***** DATA SHOWN *****

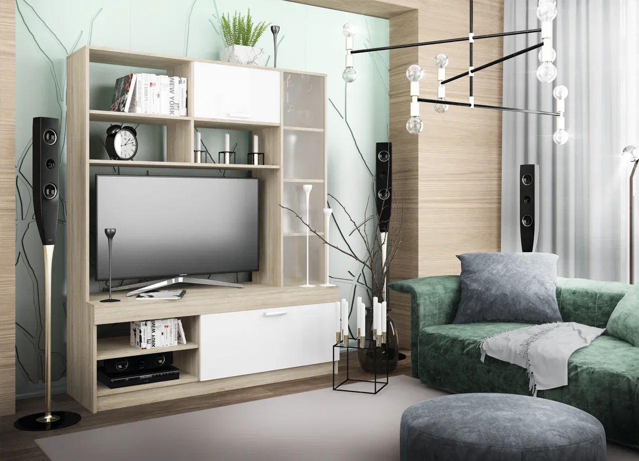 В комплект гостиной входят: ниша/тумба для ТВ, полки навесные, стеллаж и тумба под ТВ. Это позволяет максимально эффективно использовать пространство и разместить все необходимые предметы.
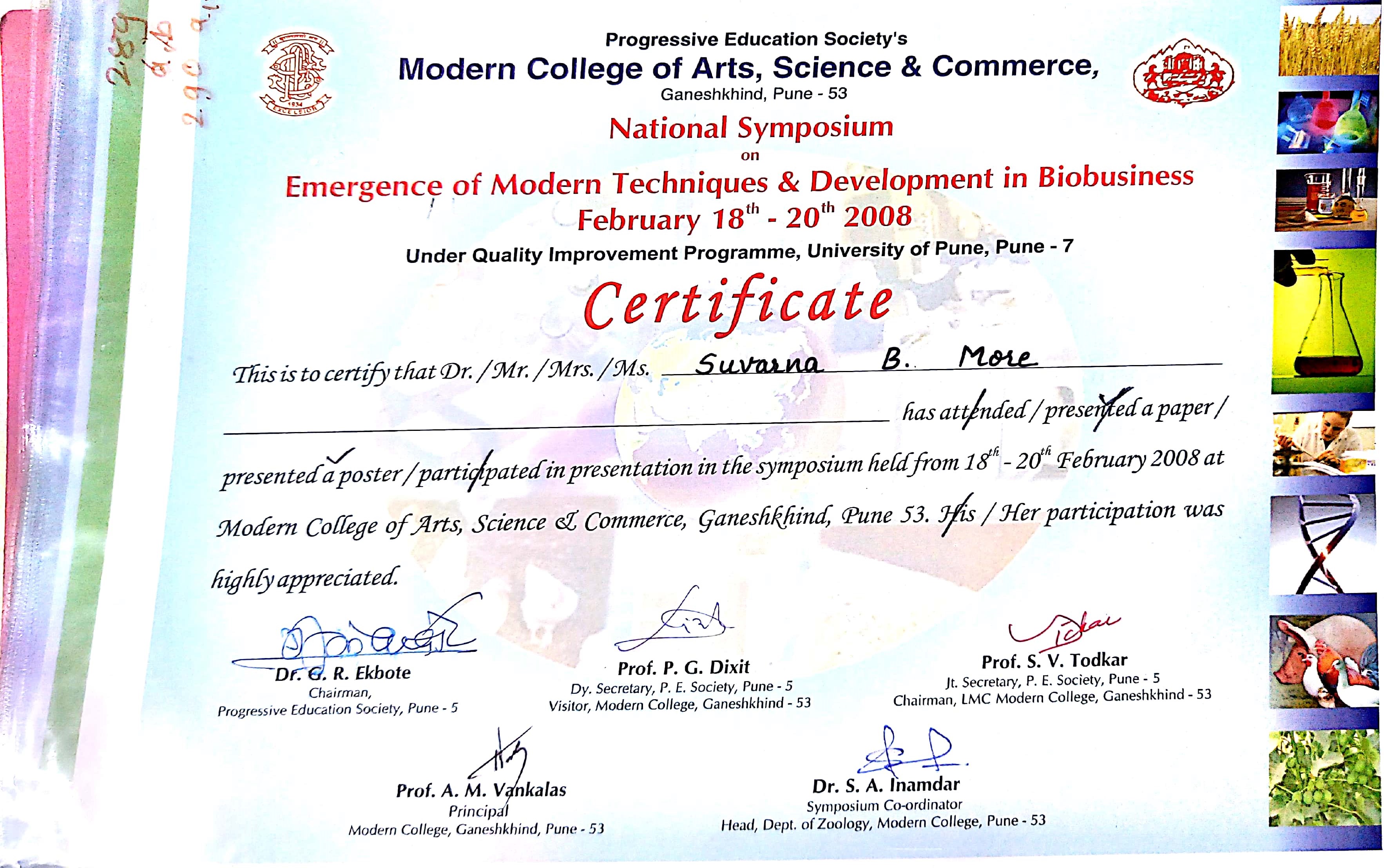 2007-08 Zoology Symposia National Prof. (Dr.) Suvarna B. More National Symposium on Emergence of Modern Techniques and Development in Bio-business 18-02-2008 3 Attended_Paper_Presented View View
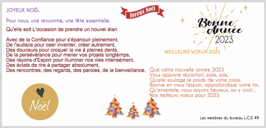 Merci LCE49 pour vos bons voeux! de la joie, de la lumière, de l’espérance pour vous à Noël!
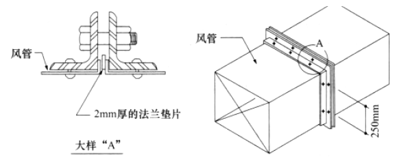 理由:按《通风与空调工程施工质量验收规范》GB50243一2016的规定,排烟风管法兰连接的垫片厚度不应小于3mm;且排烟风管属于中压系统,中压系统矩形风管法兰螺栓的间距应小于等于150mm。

*****

• **ABOUT THIS EXERCISE**
Restate the listing word for word and drop the pictures.

• **RESPONSE BELOW**
 В комплект гостиной входят: ниша/тумба для ТВ, полки навесные, стеллаж и тумба под ТВ. Это позволяет максимально эффективно использовать пространство и разместить все необходимые предметы.
 2007-08 Zoology Symposia National Prof. (Dr.) Suvarna B. More National Symposium on Emergence of Modern Techniques and Development in Bio-business 18-02-2008 3 Attended_Paper_Presented View View
 Merci LCE49 pour vos bons voeux! de la joie, de la lumière, de l’espérance pour vous à Noël!
 理由:按《通风与空调工程施工质量验收规范》GB50243一2016的规定,排烟风管法兰连接的垫片厚度不应小于3mm;且排烟风管属于中压系统,中压系统矩形风管法兰螺栓的间距应小于等于150mm。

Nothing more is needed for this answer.